In other words, Mr. Hunter says, “the studies are totally conflicting, and both say they are 'independent'. It just doesn't make sense.”
Mr. Nutter, a senior trade group official who rarely criticizes industry proposals in public, said that taken together, the two studies “demonstrate that you can change insurance laws, but you cannot change the laws of disaster economics or the laws of nature with political science.”
Mr. Nutter called Milliman a “highly respected firm” and asserted that it is “one of the world's premier actuarial and consulting firms.”
He said a Milliman study on Florida cat risk that was commissioned by the Property Casualty Insurers Association of America (PCI), documents that Florida is simply shifting risk through new legislation aimed at reducing the cost of homeowner's insurance in the state's coastal areas.
Under the program, the cost of insuring the state's coastal development would be borne by low- and moderate-risk insureds in central and northern Florida–including automobile policyholders, municipalities, school boards, day care centers and commercial businesses, whether or not they have any catastrophe risk–instead of spreading risk among private reinsurers operating in global capital markets.

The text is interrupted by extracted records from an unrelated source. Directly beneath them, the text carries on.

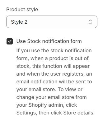 **Use Stock notification form:** Utilizing the stock notification form activates a feature that appears when a product is unavailable. Should a user sign up for alerts, a notification email will be dispatched to your store's email address. To review or modify your store's email, navigate to **'Settings'** and select **'Store details'** from your Shopify admin dashboard.
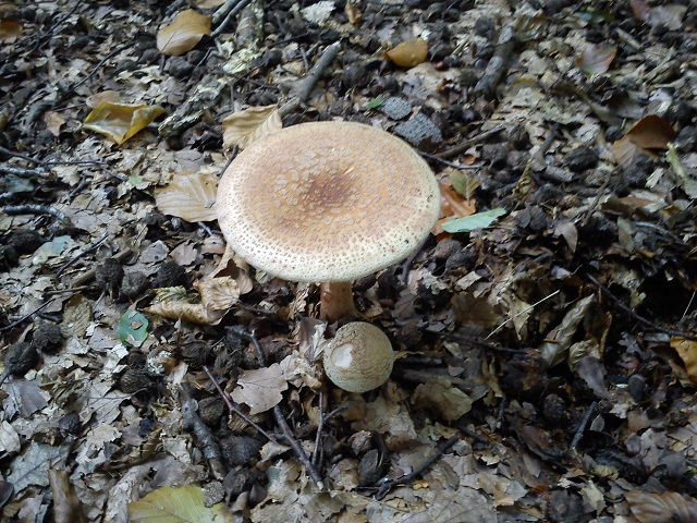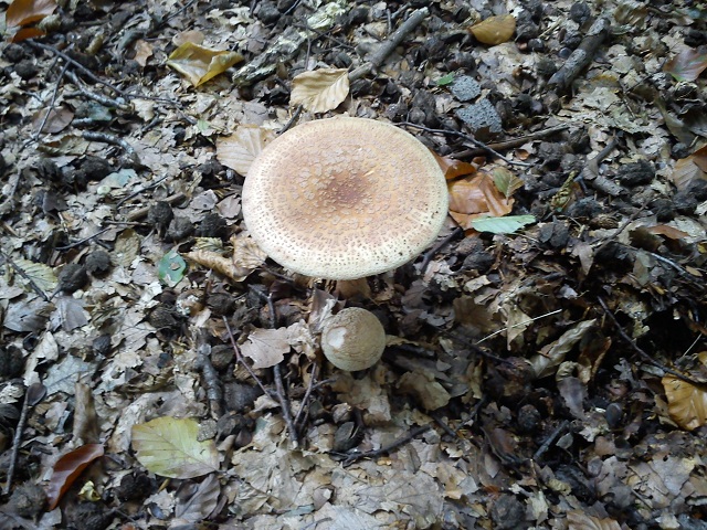 So kann ich nur eine Vermutung anstellen: Perlpilz, Amanita Rubescens.
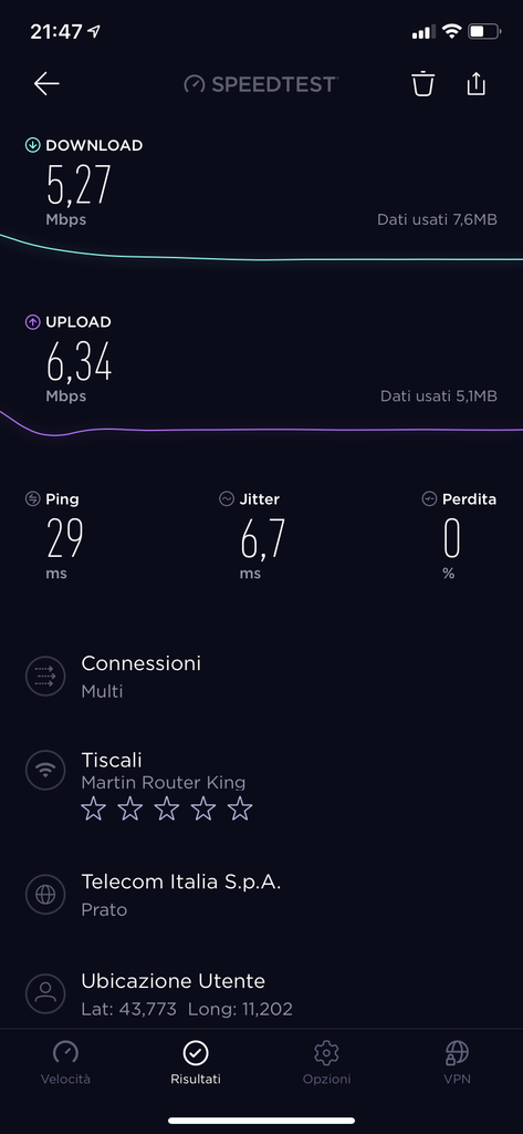 Cosimo Non saprei dirti, però il fatto che succeda solo la sera, e solo con tiscali , mi fa presupporre che non ho la vula. Visto che al momento ho allacciato un altro operatore, che non da sto tipo di problematiche. E nulla volevo avvisarti, visto che lo avevi chiesto.
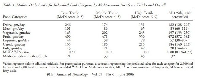 Columbia Üniversitesinin yapmış olduğu bir araştırmada Akdeniz diyeti ile Alzheimer riski arasındaki ilişki ele alındı ve araştırma sonunda Akdeniz diyeti uygulanan deneklerin diyeti ne oranda uyguladığına bağlı olarak Alzheimer riskinin düştüğü veya yükseldiği görüldü. Başka bir ifade ile Akdeniz diyetini çok uygulayanlarda daha az, az uygulayanlarda ise daha fazla Alzheimer vakasına rastlandı. 2258 sağlıklı kişiyle ile başlayan bu araştırma 4 yıl devam etti ve 4. yılın sonunda araştırmaya katılanların 262 sinde Alzheimer görüldü.(7)

He alleged that the Milliman study confirms the Florida cat fund is provided for at below actuarially sound rates and depends mostly on debt financing, not risk-based premiums.
“The debt would be paid from future assessments/taxes on nearly all insureds, in essence, mortgaging the future of the Florida economy and home ownership in the state,” Mr. Nutter said.
“The irony of Florida,” noted Nutter, “is that small commercial businesses, homeowners, and automobile insurance consumers now insure Florida's insurance companies,” he explained.
Regarding a Milliman study on federal catastrophe legislation commissioned by ProtectingAmerica.org, Mr. Nutter said the federal approach supported by ProtectingAmerica.org is designed to encourage other states to adopt Florida-style government programs and shift risk from the books of insurers to taxpayer-backed state government funds and then to the federal government.
Mr. Nutter argues that the ProtectingAmerica.org proposal also introduces the notion that a Florida-style government fund will provide funding for various disaster preparedness and first responder efforts.
According to Mr. Nutter, “This is likely a hollow promise, given that state funds are likely to be debt-financed (as the Florida fund is now) and will be for the foreseeable future.”
Milliman's study on federal catastrophe legislation concludes that consumers nationwide may also save money in exchange for creating numerous state government bureaucracies to take on the catastrophe risk.
Nutter disagrees, suggesting, “Nothing in the Florida gamble should be a role model for other states.”
Mr. Nutter called it a “high risk financial wager, mostly dependent on luck as far as nature is concerned.” Mr. Nutter added that he thought the proposal “threatens the state's fiscal standing and burdens insureds with taxes and surcharges for years.
“Except for the few insurers who will benefit from shifting catastrophe risk from their accounts to taxpayer-backed government funds, including those that are members of ProtectingAmerica.org, there are no other clear beneficiaries–not the state, not insureds without coastal residential exposure, and not insured motorists or commercial businesses,” Mr. Nutter added.